[Records from a data source]
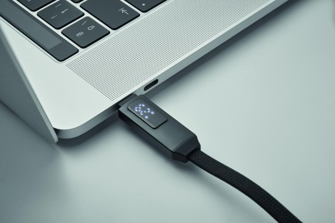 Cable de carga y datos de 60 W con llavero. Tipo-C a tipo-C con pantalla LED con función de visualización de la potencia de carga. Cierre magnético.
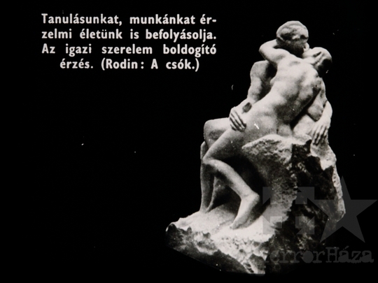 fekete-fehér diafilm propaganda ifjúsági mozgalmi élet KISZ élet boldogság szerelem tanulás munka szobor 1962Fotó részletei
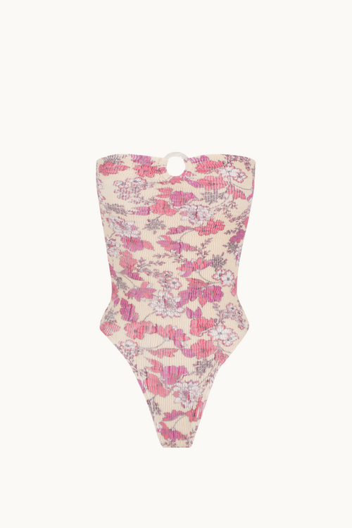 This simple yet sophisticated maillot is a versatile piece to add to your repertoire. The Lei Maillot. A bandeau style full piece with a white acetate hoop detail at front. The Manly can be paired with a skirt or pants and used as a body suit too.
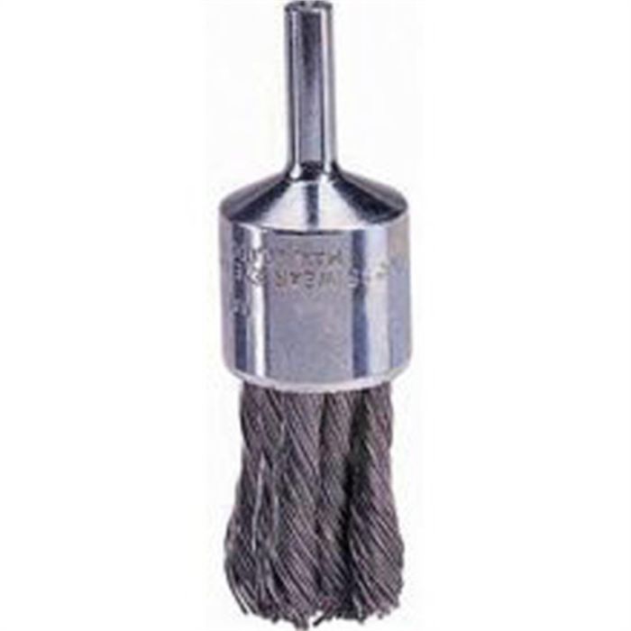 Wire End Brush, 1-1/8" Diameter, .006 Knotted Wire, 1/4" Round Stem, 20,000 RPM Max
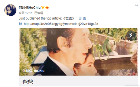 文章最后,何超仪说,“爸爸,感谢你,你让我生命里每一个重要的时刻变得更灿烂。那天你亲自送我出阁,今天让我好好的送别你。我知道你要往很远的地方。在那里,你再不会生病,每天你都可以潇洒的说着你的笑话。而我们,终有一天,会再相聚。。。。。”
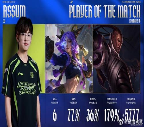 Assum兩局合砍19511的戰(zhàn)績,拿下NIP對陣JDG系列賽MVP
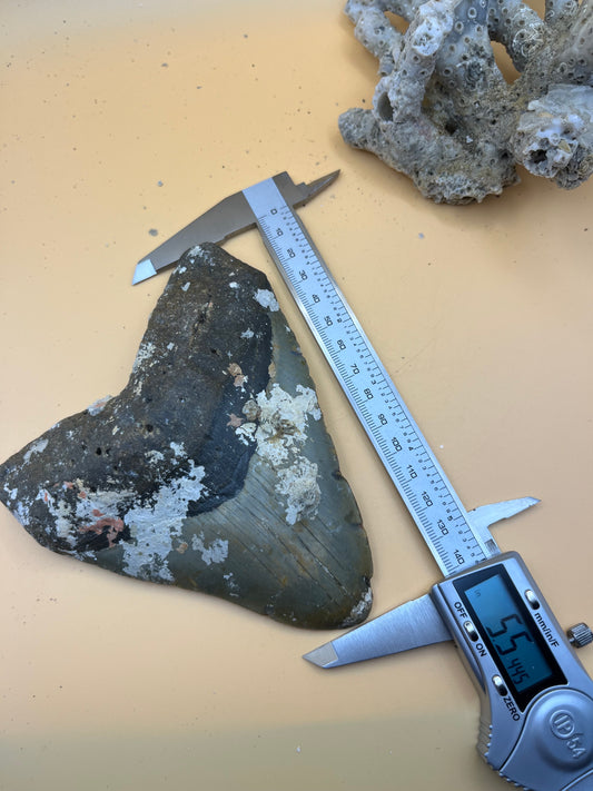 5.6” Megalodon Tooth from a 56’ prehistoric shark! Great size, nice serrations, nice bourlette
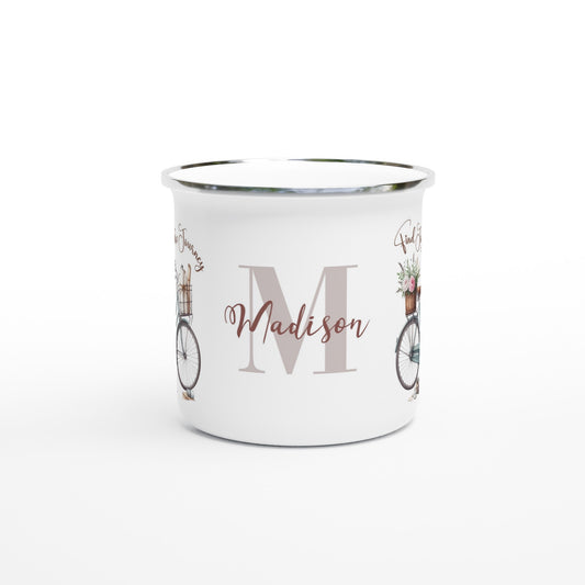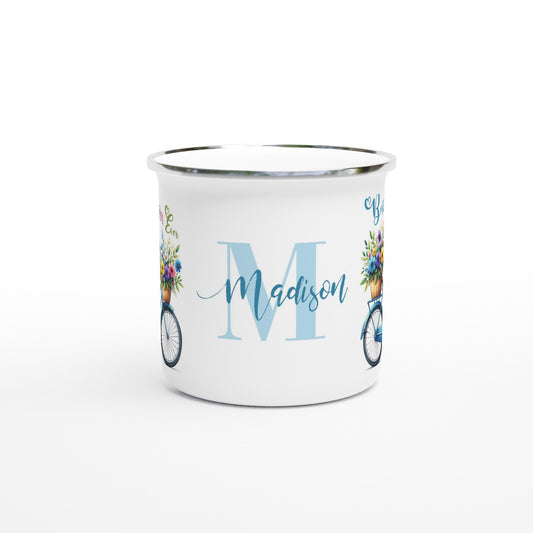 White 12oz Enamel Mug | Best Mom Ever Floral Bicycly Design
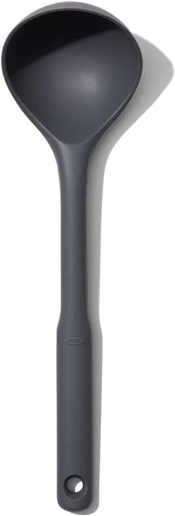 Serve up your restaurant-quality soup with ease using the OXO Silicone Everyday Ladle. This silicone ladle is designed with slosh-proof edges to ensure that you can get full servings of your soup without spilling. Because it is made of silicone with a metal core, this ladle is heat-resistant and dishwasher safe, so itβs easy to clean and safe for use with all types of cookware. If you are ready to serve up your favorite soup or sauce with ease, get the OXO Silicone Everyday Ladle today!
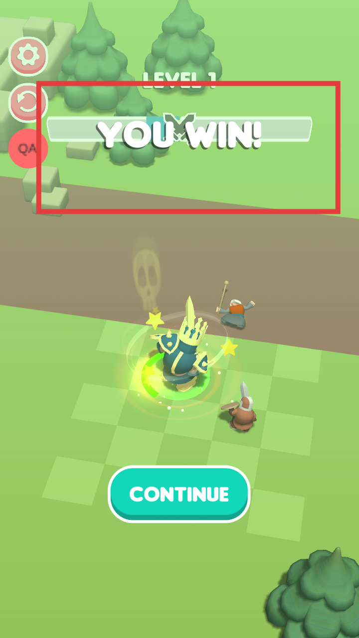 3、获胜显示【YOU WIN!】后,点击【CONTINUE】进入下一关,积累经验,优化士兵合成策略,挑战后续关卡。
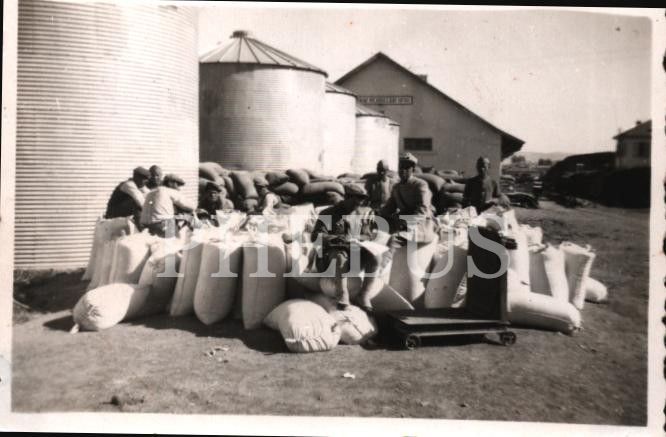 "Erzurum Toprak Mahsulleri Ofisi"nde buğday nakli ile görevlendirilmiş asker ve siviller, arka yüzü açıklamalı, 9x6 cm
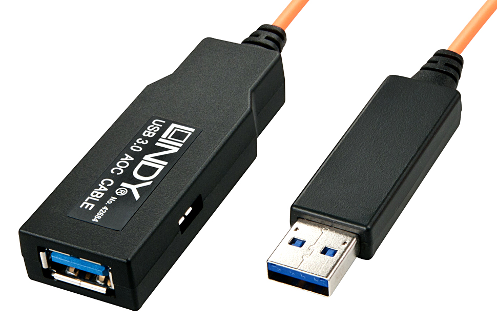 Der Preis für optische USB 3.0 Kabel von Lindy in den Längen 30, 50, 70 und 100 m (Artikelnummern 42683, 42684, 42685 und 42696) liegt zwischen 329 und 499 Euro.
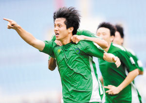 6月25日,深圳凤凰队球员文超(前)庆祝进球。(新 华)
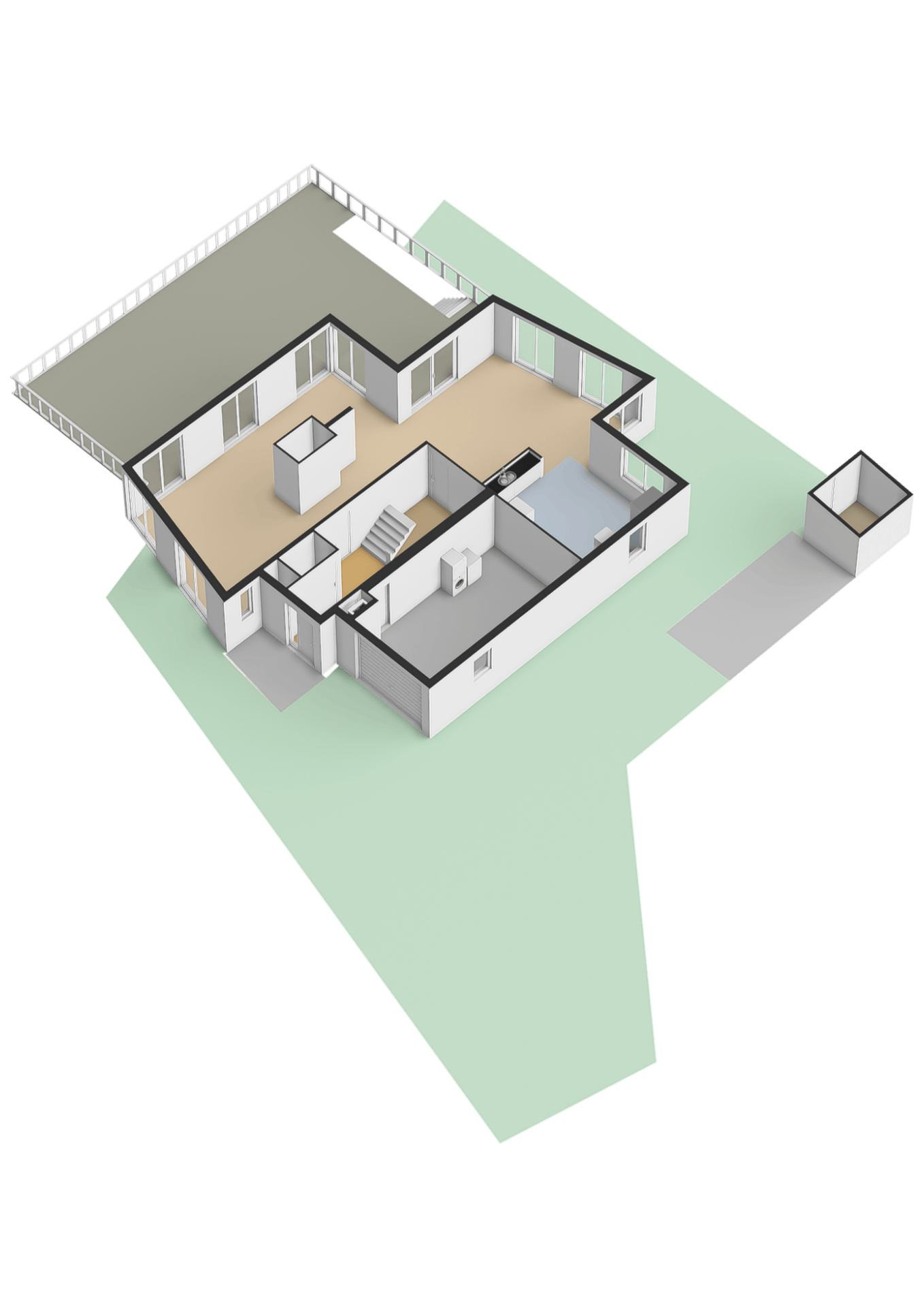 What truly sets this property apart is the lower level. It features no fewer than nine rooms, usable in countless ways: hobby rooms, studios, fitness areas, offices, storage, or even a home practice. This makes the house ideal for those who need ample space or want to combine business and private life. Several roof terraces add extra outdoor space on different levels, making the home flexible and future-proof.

• WORK INSTRUCTIONS: Exact copy, pictures excluded: print only the lines from the line containing "6月25日,深圳凤凰队球员文超(前)庆祝进球。(新 华)" through the end of the records.

• EXERCISE OUTPUT:
 6月25日,深圳凤凰队球员文超(前)庆祝进球。(新 华)
 What truly sets this property apart is the lower level. It features no fewer than nine rooms, usable in countless ways: hobby rooms, studios, fitness areas, offices, storage, or even a home practice. This makes the house ideal for those who need ample space or want to combine business and private life. Several roof terraces add extra outdoor space on different levels, making the home flexible and future-proof.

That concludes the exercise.